AirSQL decorators work seamlessly with Airflow's TaskFlow API:

```python
from airflow.decorators import dag, task
from airsql import sql, Table

@dag(schedule="@daily")
def my_dag():

    @sql.dataframe(source_conn="postgres_conn")
    def extract_users():
        return "SELECT * FROM users WHERE active = true"

    @task
    def process_users(df):
        return df.groupby("region").size().to_dict()

    @sql.load_dataframe(
        output_table=Table("postgres_conn", "reports.user_counts"),
        if_exists="replace"
    )
    def save_counts(counts):
        import pandas as pd
        return pd.DataFrame([
            {"region": k, "count": v} for k, v in counts.items()
        ])

    users_df = extract_users()
    counts = process_users(users_df)
    save_counts(counts)

my_dag()
```

## Dry Run Mode

Test operations without writing data:

```python
@sql.query(
    output_table=Table("postgres_conn", "reports.test"),
    source_conn="postgres_conn",
    dry_run=True
)
def test_query():
    return "SELECT * FROM large_table LIMIT 1000000"
```

## Documentation

For full documentation, visit the [AirSQL Documentation](https://1cadumagalhaes.github.io/airsql/).
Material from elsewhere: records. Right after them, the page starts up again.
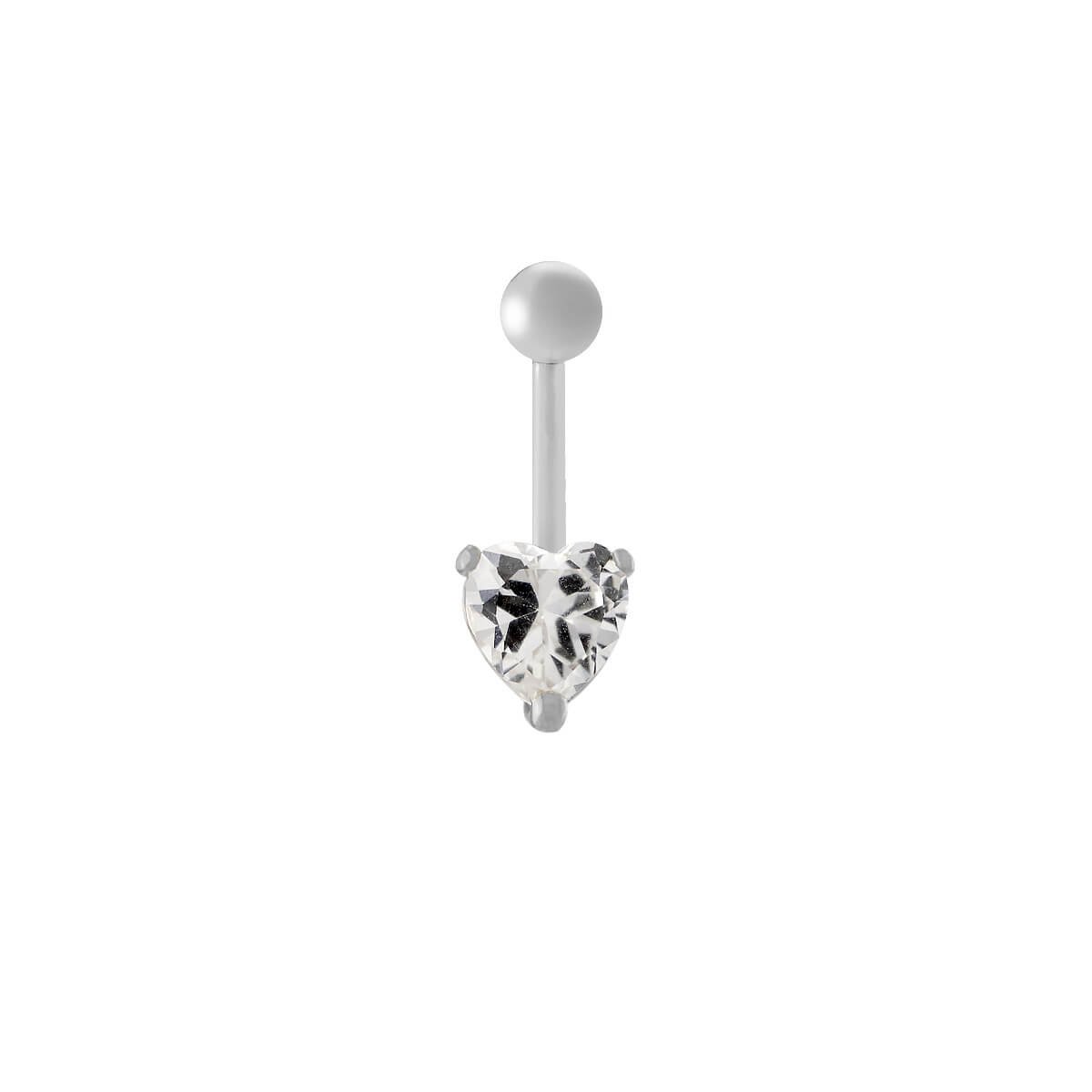 Piercing Umbigo Aço Cirúrgico Coração Zircônia Prata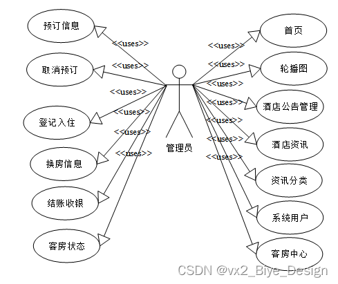 (1)功能要求:可以管理系统首页、轮播图(轮播图管理)、酒店公告管理(酒店公告)、资源管理(酒店资讯、资讯分类)、系统用户(管理员、顾客用户、员工用户)、模块管理(客房中心、预订信息、取消预订、登记入住、换房信息、结账收银、客房状态)等功能模块。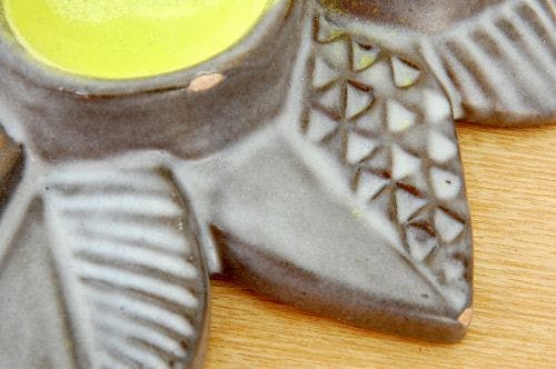 初めて手に取った感動はすごいものでした。真ん中のお花模様とそれを囲む葉っぱ模様が立体的に表現されており、壁にかけてみると、正面から見ても、ちょっと側面から見ても違った表情を楽しませてくれます。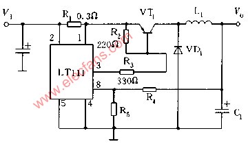 大電流輸出電路圖可采用外接晶體管VT1擴(kuò)流,輸出電壓由R4和R5確定,LT111的輔助運(yùn)放可用做電池低電壓檢測(cè)器。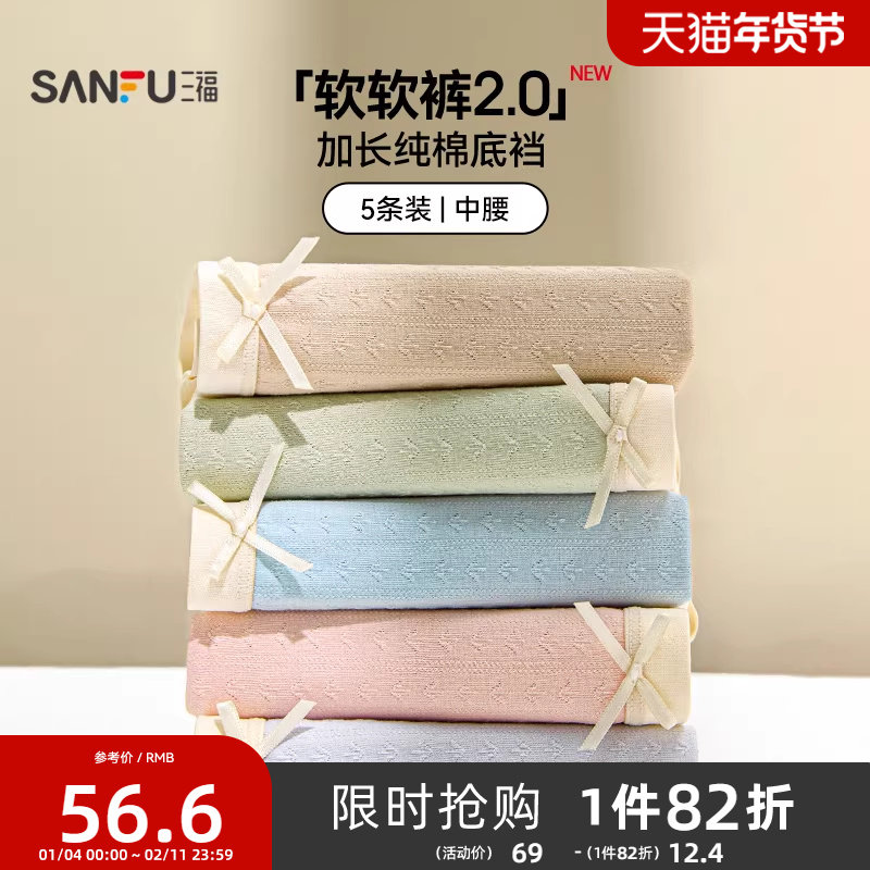 [5条]三枪内裤女生纯棉10A抗菌舒适无痕中腰内裤柔软透气裸感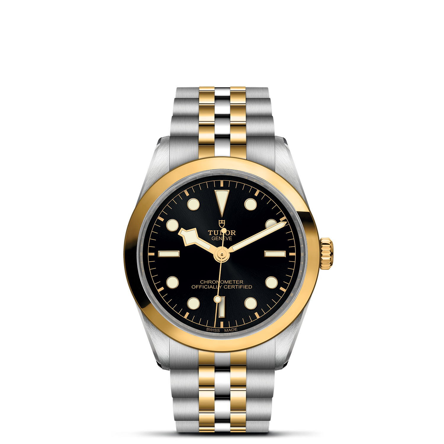 Yellow gold center links at 6 and 12 o’clock. Remaining center links in steel covered by a 0.2mm 18 ct yellow gold cap. "T-fit" folding clasp with safety catch. The logo on the catch is made of yellow gold

## Migration from retize.sql

This package is the evolution of `retize.sql`. Main changes:

- Package renamed from `retize.sql` to `airsql`
- Table class `schema` field renamed to `dataset`
- Asset URIs changed from `rtz://` to `airsql://`
- Improved organization with sensors and transfers submodules

## License

This project is licensed under the MIT License.